Prime Jeunesse/14

La bibliothèque libre.
Calmann-Lévy (p. 85-88).
◄  XIII
XV  ►

XIV

Le 11 juin 1865.

Une dépêche de Saint-Nazaire, où venait d’atterrir le paquebot de la Guyane, annonçait le retour de Lucette pour ce soir !…

Il y avait cependant un voile d’anxiété sur la joie de la retrouver : elle était, paraît-il, si anémiée par le climat de là-bas que sa poitrine s’était prise et qu’il avait fallu faire venir un wagon-lit pour nous la ramener. Mais enfin elle était en France, ce ne serait pas pour elle comme pour mon frère, on la reverrait au moins, et, avec l’air de notre pays, on saurait vite la guérir.

Ce jour-là, j’avais passé mon temps chez elle, très excité par les préparatifs pour sa rentrée au foyer, et dans sa chambre j’avais arrangé en gerbes les plus belles roses de juin.
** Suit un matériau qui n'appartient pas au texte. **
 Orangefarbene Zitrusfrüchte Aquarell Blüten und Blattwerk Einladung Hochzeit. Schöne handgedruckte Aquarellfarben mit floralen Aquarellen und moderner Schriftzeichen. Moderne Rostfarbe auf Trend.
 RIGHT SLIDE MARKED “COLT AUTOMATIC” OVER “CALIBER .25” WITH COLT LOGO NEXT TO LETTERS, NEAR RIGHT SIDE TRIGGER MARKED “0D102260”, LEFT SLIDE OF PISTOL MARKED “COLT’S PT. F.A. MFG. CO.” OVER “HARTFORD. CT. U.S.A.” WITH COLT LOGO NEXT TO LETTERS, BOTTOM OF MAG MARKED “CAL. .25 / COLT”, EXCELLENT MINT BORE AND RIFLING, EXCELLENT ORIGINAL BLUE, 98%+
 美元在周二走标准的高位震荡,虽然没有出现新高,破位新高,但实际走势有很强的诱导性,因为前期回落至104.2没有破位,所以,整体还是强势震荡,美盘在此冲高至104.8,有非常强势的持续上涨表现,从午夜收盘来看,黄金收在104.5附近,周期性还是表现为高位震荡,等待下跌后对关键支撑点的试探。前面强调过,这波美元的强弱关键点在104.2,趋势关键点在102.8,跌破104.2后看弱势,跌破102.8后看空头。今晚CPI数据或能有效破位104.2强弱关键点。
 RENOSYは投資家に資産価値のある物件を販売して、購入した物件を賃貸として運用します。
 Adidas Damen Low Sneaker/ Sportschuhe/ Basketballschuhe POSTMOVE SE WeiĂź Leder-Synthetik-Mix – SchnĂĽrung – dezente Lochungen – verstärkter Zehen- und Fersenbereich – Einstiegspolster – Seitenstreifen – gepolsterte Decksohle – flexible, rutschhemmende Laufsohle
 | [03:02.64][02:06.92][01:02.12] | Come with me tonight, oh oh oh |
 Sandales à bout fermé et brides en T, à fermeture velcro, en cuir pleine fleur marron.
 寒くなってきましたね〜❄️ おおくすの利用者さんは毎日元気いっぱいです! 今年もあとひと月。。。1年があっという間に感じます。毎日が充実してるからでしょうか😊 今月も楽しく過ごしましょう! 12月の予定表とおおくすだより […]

Ce qui était singulier, c’est que ses parents semblaient avoir à mon sujet une consigne secrète, car ils inventaient de nouveaux prétextes pour me retenir chaque fois que je faisais mine de m’en aller…

Quand enfin je revins à la maison vers cinq heures, ma mère, que je rencontrai tout d’abord, avait un air de gaieté que je lui voyais pour la première fois depuis notre deuil : « Monte donc chez ta sœur, me dit-elle, voir une petite personne qui vient de nous arriver et désire t’être présentée ! » Naturellement je compris tout de suite.

Elle avait dit : une petite personne ; donc, une petite nièce, justement ce que je désirais le plus, et je montai quatre à quatre, si intrigué par le minois qu’elle pouvait bien avoir !…

Je fus plutôt déçu, je l’avoue, par cette première présentation de la petite créature à laquelle j’avais tant rêvé d’avance et qui maintenant dormait là sous mes yeux dans son berceau, les poings contre le menton, au milieu de mousselines et de dentelles blanches. Non qu’elle fût vilaine, comme tant de bébés naissants, mais je n’avais encore jamais vu d’enfant d’une heure ; cette trop petite tête, ces joues rayées d’imperceptibles plis comme des rides, me causaient un semblant d’effroi, — et je m’éclipsai dès qu’elle se mit à crier avec une voix de petit chat en carton… À vrai dire aussi, j’étais tout à l’attente de Lucette ; l’idée que ce soir je la reverrais ne laissait place en moi pour rien d’autre…

Au beau crépuscule tout en or, j’allai au-devant d’elle avec ses parents, et, quand on entendit le train arriver en gare, toujours plus enfant que mon âge, je me mis à courir avec des sauts de joie le long des wagons, cherchant à quelle portière j’apercevrais sa figure si aimée, et sa main qui me ferait signe…

Mais une apparition presque terrible me glaça sur place… Oh ! vraiment, c’était Lucette, ce si blême fantôme aux yeux caves, qui sortait du wagon-lit porté par deux hommes et qui, pour nous parler, n’avait plus qu’un filet de voix rauque, à peine perceptible, une voix sortant comme d’une caverne ou d’un cercueil…

Elle me voulut auprès d’elle dans la voiture qui la ramenait à sa maison, et je me souviens qu’au moment où nous entrions en ville, on entendait sonner le couvre-feu ; sa mère alors lui demanda, en essayant de sourire : « Tu la reconnais, dis, notre vieille cloche de Rochefort ? » Mais elle ne répondit que par un vague signe de tête et je vis, dans la pénombre, briller deux larmes qui descendaient sur ses pauvres joues creuses.